7 Modern Shoegaze Bands Keeping the '90s Dream Alive
With new music from My Bloody Valentine in the works, we're looking at the subgenre they helped pioneer.
This year has brought big news for My Bloody Valentine fans.
The shoegaze icons announced recently that they currently have two new albums in the works for their new label home, Domino Records. In addition to the new music, My Bloody Valentine's 2013 comeback album, m b v, is finally available on streaming, and their albums Loveless and Isn't Anything — famously difficult to find on vinyl — are being remastered and reissued.
Since forming in Dublin in 1983, My Bloody Valentine are widely regarded as the pioneers of shoegaze, the indie rock subgenre defined by distorted, noisy guitars and heavy feedback. Alongside their contemporaries like Lush, Ride, and Slowdive, My Bloody Valentine have been heralded as one of the most influential bands of the '90s, with a cult fan base that includes everyone from Billy Corgan and Courtney Love to teens on TikTok today.
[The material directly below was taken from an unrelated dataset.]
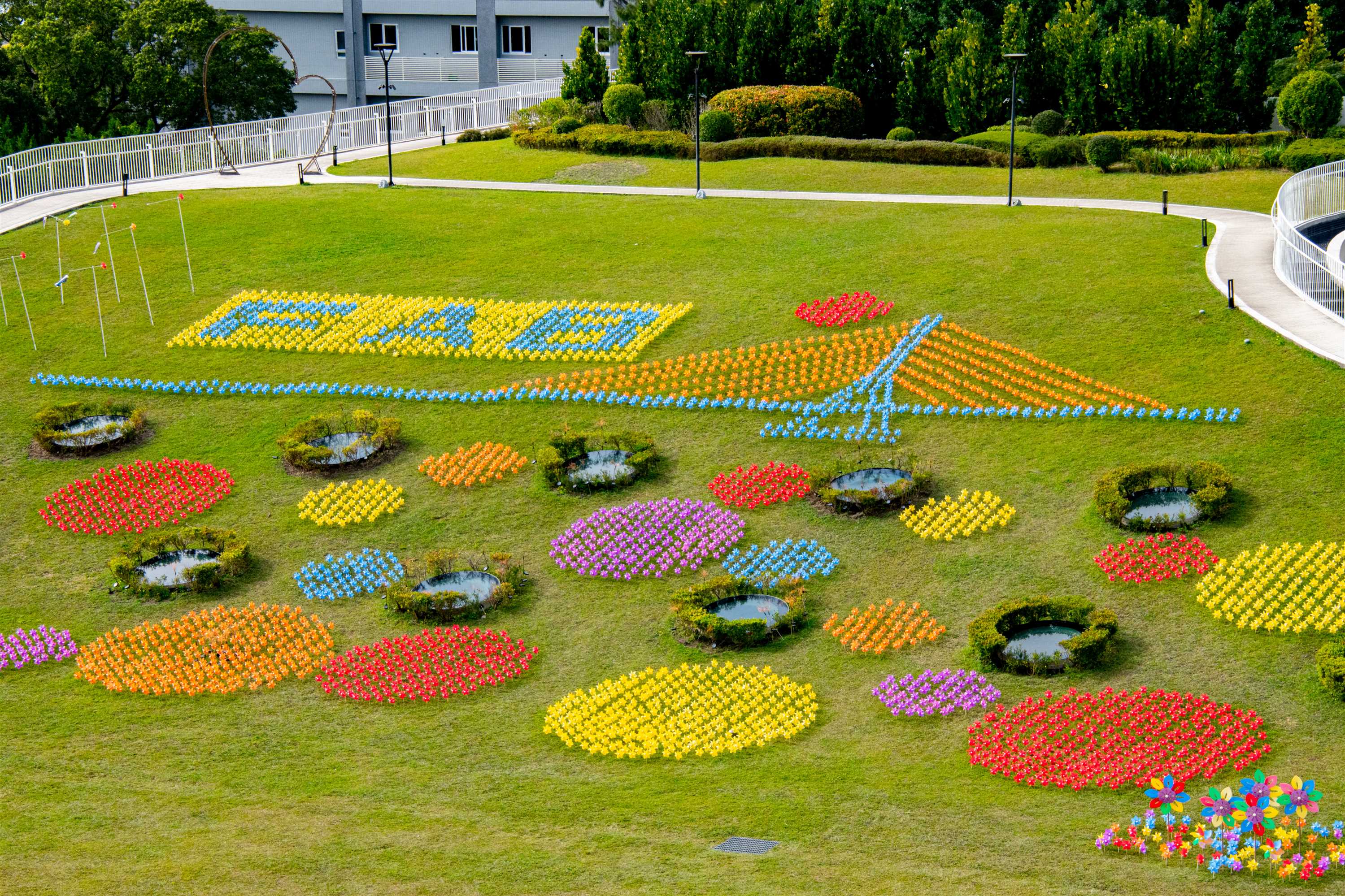 ▲設計以「風動城市、匯聚未來」為核心概念,運用超過4,000支風車排列出具象徵性的地景畫面。(圖/將捷金鬱金香酒店 提供)

While the shoegaze scene certainly reached its heyday in the '90s, the subgenre is showing no sign of burning out anytime soon. Below, we've listed seven shoegaze-adjacent artists that prove the Loveless worship is still going strong.
Tanukichan
Tanukichan, the solo project of Bay Area musician Hannah van Loon, juxtaposes candy-coated pop melodies with chugging basslines and layered guitar fuzz. Her latest album, Sundays, was co-written and produced by Toro y Moi's Chaz Bear, giving the music of Tanukichan a hypnotic chillwave atmosphere.
Greet Death
Michigan band Greet Death evoke shoegaze at its most cutting, with guitars that roar and rumble like an outdated vacuum or heavy machinery. Yet Greet Death still hone in on precise, memorable melodies on their sophomore album, 2018's New Hell, proving their innate ability to find the beauty in the brutal noise.
Westkust
Based in Gothenburg, Sweden, Westkust use shoegaze not as a vehicle to drown out their sorrows, but to mimic summertime euphoria. They achieve this on their 2019 self-titled record by distorting their jangly guitars, speeding up the drum patterns, and spotlighting the sun-soaked vocals of singer Julia Bjernelind.
Alien Boy
A self-described "loud gay band writing love songs for queers," Portland, Oregon four-piece Alien Boy take cues from their '90s shoegaze forebears and filter them through a contemporary emo/pop-punk lens. With lovelorn lyrics and earworm riffs doused in reverb, Alien Boy marry the best of both subgenres in perfect harmony.
Ovlov
Like shoegaze greats of the '90s, Ovlov drench their sound in blown-out feedback and walls of sound. The New England band find their power in grungy, fuzzy textures, with guitar lines that often loop and build until they create a cacophony of clouded bliss.
Nothing
With their droning guitars and barely-intelligible vocals, Nothing take obvious inspiration from the Lovelesses of yesteryear. But the sounds of the East Coast band are also heavily dictated by the experiences of frontman Domenic Palermo, who lets his personal tumult — near-death experiences, a stint in jail — bring an added sense of gloom and depth to their grungy noise.
파란노을 (Parannoul)
파란노을 — AKA "Parannoul" in English — is a relatively new project based out of Seoul, South Korea, with a mysterious identity; as of right now, the artist hasn't shared their real name or age, and their Bandcamp biography only reveals that they are "a student writing music in [their] bedroom." Their ambitious, self-released record To See the Next Part of the Dream takes cues from shoegaze, emo, and post-rock, resulting in a hidden gem of bliss. You won't find this album on Spotify, but you can name your price to purchase it on Bandcamp — we promise it's worth it.